She was in the market for a new career anyway. Fashion design, it turned out, was a disillusionment: “I got into it because I like to draw. I liked the creative part. But you really have to think about business first and foremost. I never liked that part of it. I don’t miss it. I wouldn’t go back to it, never in a million years.”

Since she looks the part so much, why didn’t she ever consider a modeling career?

“I’ve just never been interested in it that much,” she replied. “I’ve done some modeling, but I haven’t had any romantic assignments in exotic regions of the world. I’ve just done boring, in-house stuff, nothing major. I just did it to make ends meet. With the money I made, I could live more comfortably than the rest of the band (Pride).”
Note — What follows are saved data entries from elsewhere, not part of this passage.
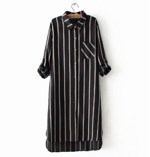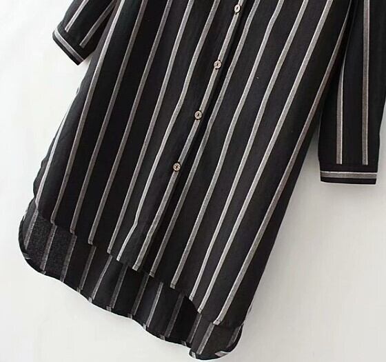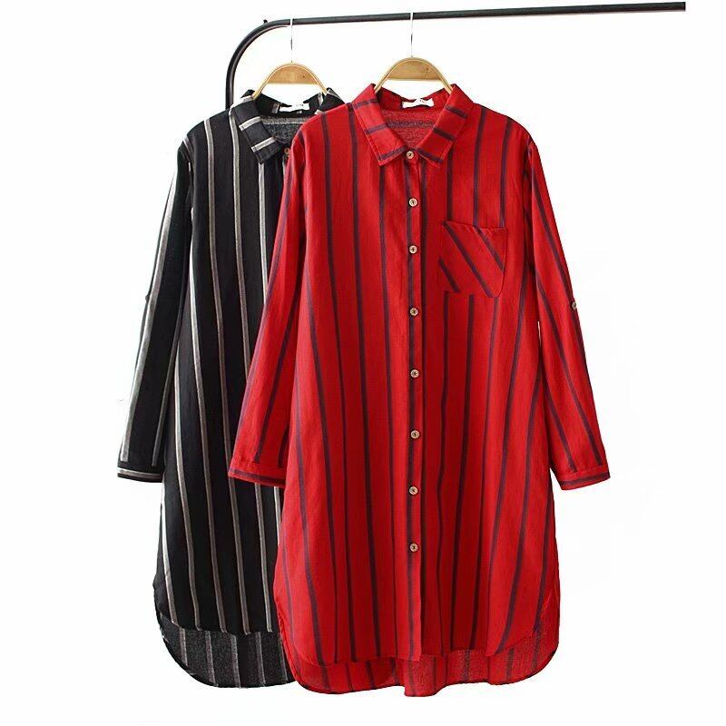 チュニック/シャツ/ロングシャツ/2色/長袖/ストライプ/ボーダー/襟付き/Vネック/レトロ/レイヤード/ベーシック/ゆったり/体型カバー/ラフ/カジュアル/ヘルシー/こなれ感/シック/大人っぽい/きれいめ/キレイ目/秋/秋物/秋服/普段着/お出かけ/散歩/休日/20代/30代/40代/50代/60代/レディース/カジュアルダウン/快適
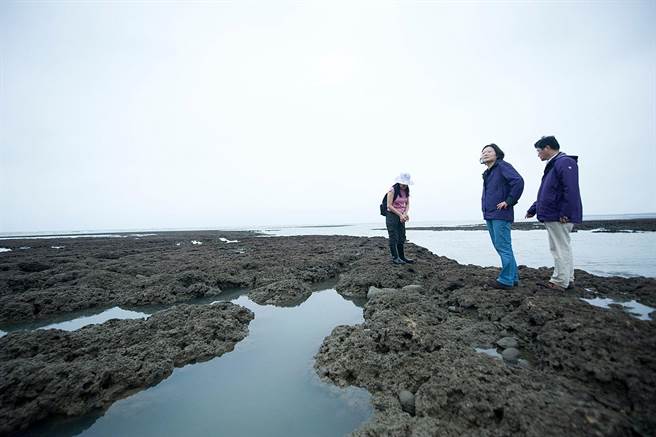 蔡英文于2013年4月20日發了一張照片,圖說寫道“在海岸線的風雨中,我拜訪了桃園新屋溪口的藻礁。相對于珊瑚礁是‘動物’造礁,藻礁則是‘植物’造礁,生長速度比珊瑚礁更慢,是全球難能可貴的生態。‘觀新藻礁’內含豐富藻類,還有小螃蟹跟其他生物前來覓食,這些小生物也更進一步吸引了保育類鳥群,讓這里的生態體系豐富而多元。”
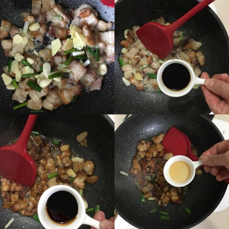 2、一定要放葱姜蒜,可以去掉五花肉的油腻,炒出来的味道也是更香,吃起来的口感更好。
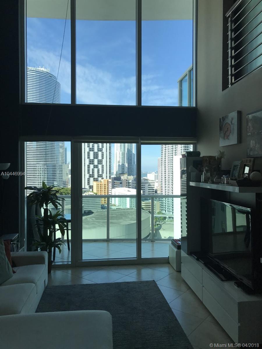 Charming and distinctive two story closed loft style unit with 2 Bed/ 2 full Baths, 2 private balconies, suitable storage closets, and astonishing Bay and Miami river views. Spacious Master bedroom on second floor with large walk in closet, European Style kitchen with stainless steel appliances, wood floors in stairs and marble floors throughout living areas. Enjoy the irresistible and luxury building amenities: 2 Pools, Gym, BBQ areas, Spa, Valet parking, Business center, 2 Club rooms, 24 Hr concierge and security. Steps away from Brickell Citi Center, Wholefood, Brickell and Downtown shops and restaurants and Metro-mover station. 2 parking spaces.
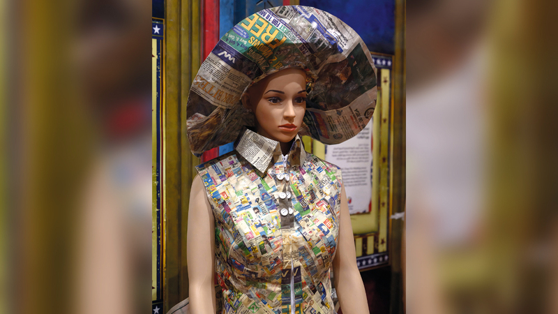 ويخصص المتحف قاعة للأزياء التي صنعت من مواد معاد تدويرها كعبوات المشروبات الغازية، والشعر البشري، وورق المحارم، وقد أضيف لها في هذا العام فستان قسائم «بالتيمور صن»، والذي صنع من كوبونات صحيفة «بالتيمور صن»، إلى جانب الشريط اللاصق والغراء، واستغرق الفستان ما يقارب 30 ساعة من العمل حتى أنجز.
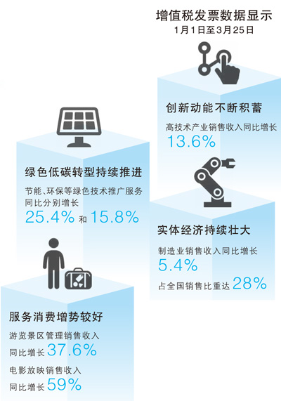 稅收數據是重要的經濟數據,能直接反映經濟運行情況。“增值稅發票數據顯示,今年1月1日至3月25日,我國經濟運行呈現多方面亮點,高質量發展取得明顯成效。”在4月1日舉行的新聞發布會上,國家稅務總局副局長王道樹說。
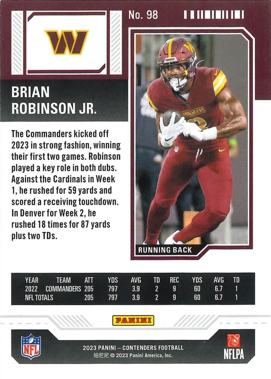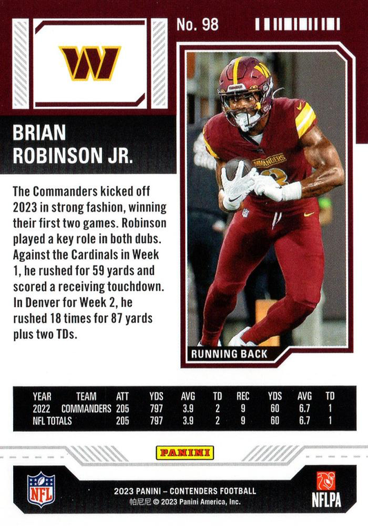 2023 Panini Contenders Brian Robinson Jr. Washington Commanders #98
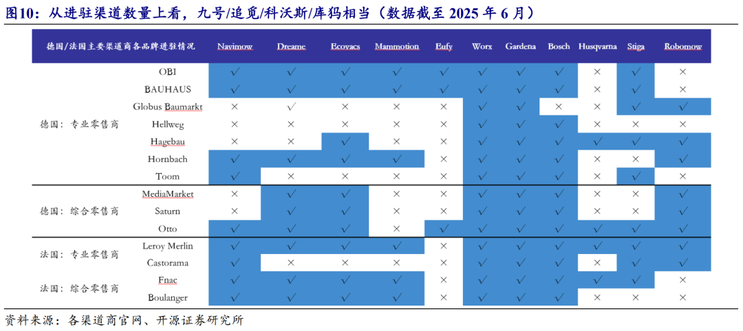 不同于扫地机器人,割草机器人以线下渠道为主,因此单一亚马逊渠道难以反映品牌方竞争力,并且线下渠道强壁垒带来的先发优势也可能会比市场预期要强。目前从进驻渠道数量来看,九号/追觅/科沃斯/库犸基本相当,传统龙头企业富世华/宝时得/博世有绝对数量优势。
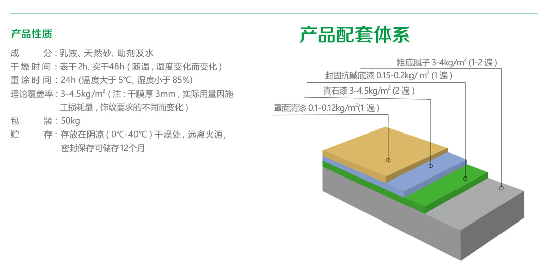 天然真石漆是由環(huán)保型高分子乳液聚合物和能構(gòu)成仿石材紋理的天然大理石骨料、助劑等材料組成的厚質(zhì)涂料 , 其外觀如石頭一般自然、穩(wěn)重、氣派并且附著牢固 , 具有優(yōu)異的耐候性、憎水透氣性、柔韌性和抗沖擊性 , 符合國家規(guī)定的 JG/T24《合成樹脂乳液砂壁狀涂料》標(biāo)準(zhǔn)。其裝飾性具有很強的仿石材及歐式風(fēng)格效果 , 是當(dāng)今社會高檔小區(qū)、別墅、公共建筑的主流裝飾材料。適用于所有平整的建筑物內(nèi)、外墻礦物質(zhì)材料基層 ,同時也是外墻外保溫體系理想的面層裝飾材料。
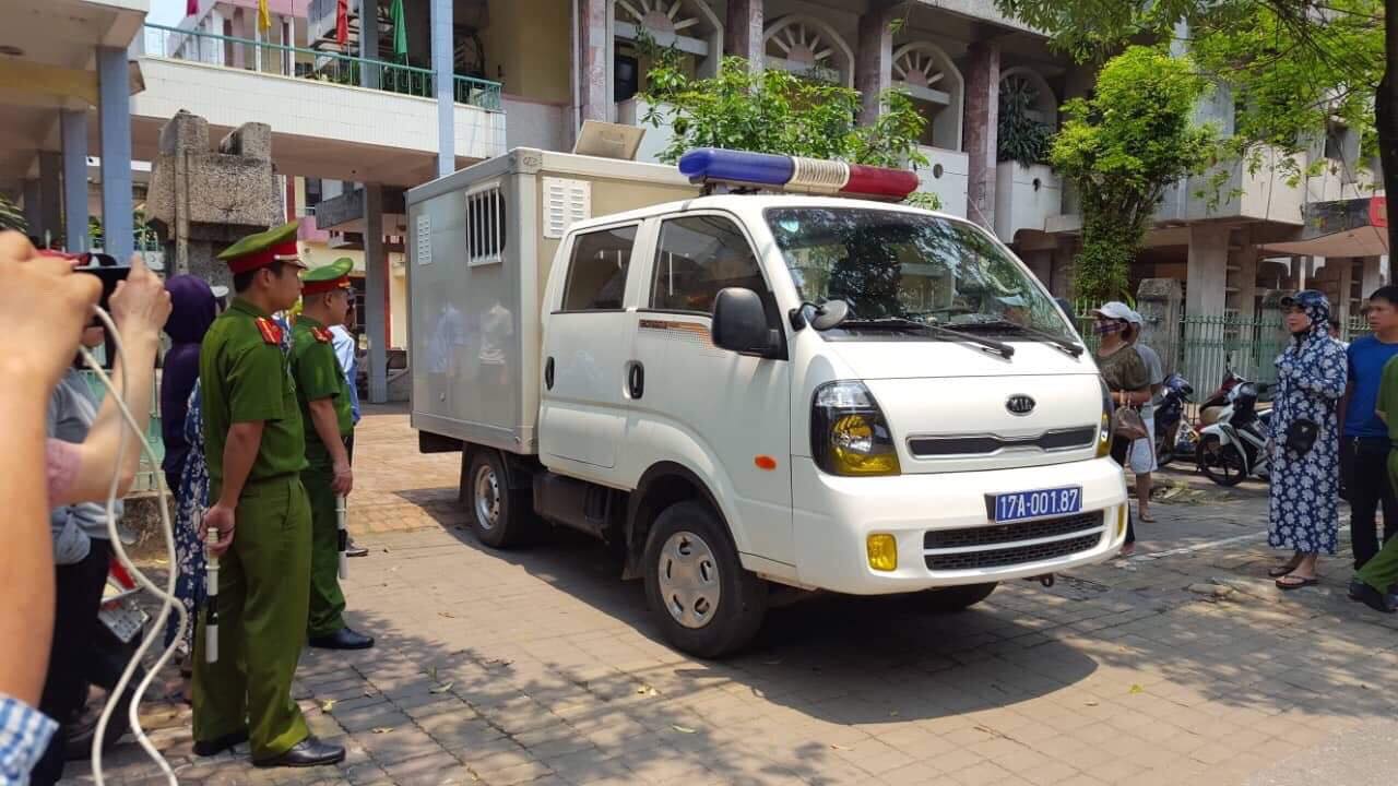 Xe chở bị cáo rời phiên toà.
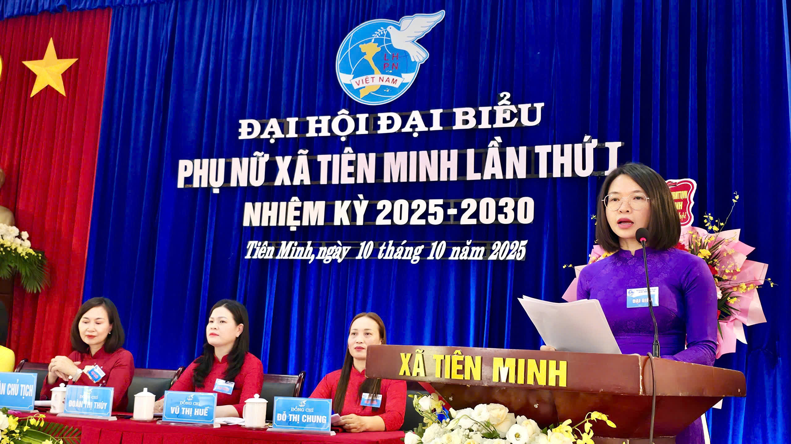 Phát biểu tại đại hội, lãnh đạo xã Tiên Minh và Hội Liên hiệp phụ nữ thành phố Hải Phòng chúc mừng, biểu dương, ghi nhận những kết quả tích cực của phụ nữ Tiên Minh trong giai đoạn vừa qua; đồng thời, định hướng, nhấn mạnh một số nhiệm vụ trọng tâm trong nhiệm kỳ 2025 - 2030 sau hợp nhất, sáp nhập, thực hiện chính quyền địa phương 2 cấp, triển khai hoạt động mới của Mặt trận tổ quốc và các tổ chức đoàn thể chính trị - xã hội.

After Pride, which never really prospered, finally collapsed, she and her band, now named for her (sax and guitar player Stuart Matthewman, keyboards player Andrew Hale, bassist Paul Denman and drummer Paul Cooke) hooked up with producer Robin Millar, who helped polish their sound.

“Robin has been a great help,” Sade said. “We need a producer who won’t interfere with our sound. He doesn’t do that. We want someone to record the songs and make them sound the way we want them to sound. We don’t need a producer to impose himself on us. We don’t need anyone telling us what to do.

“That may sound harsh, but that’s how we feel. If you have this vision, this purpose, you can’t let anyone get in the way and spoil it. That’s how bands go down the drain. Believe me, we’re not going down the drain. We’ve come too far and worked too hard to let that happen.”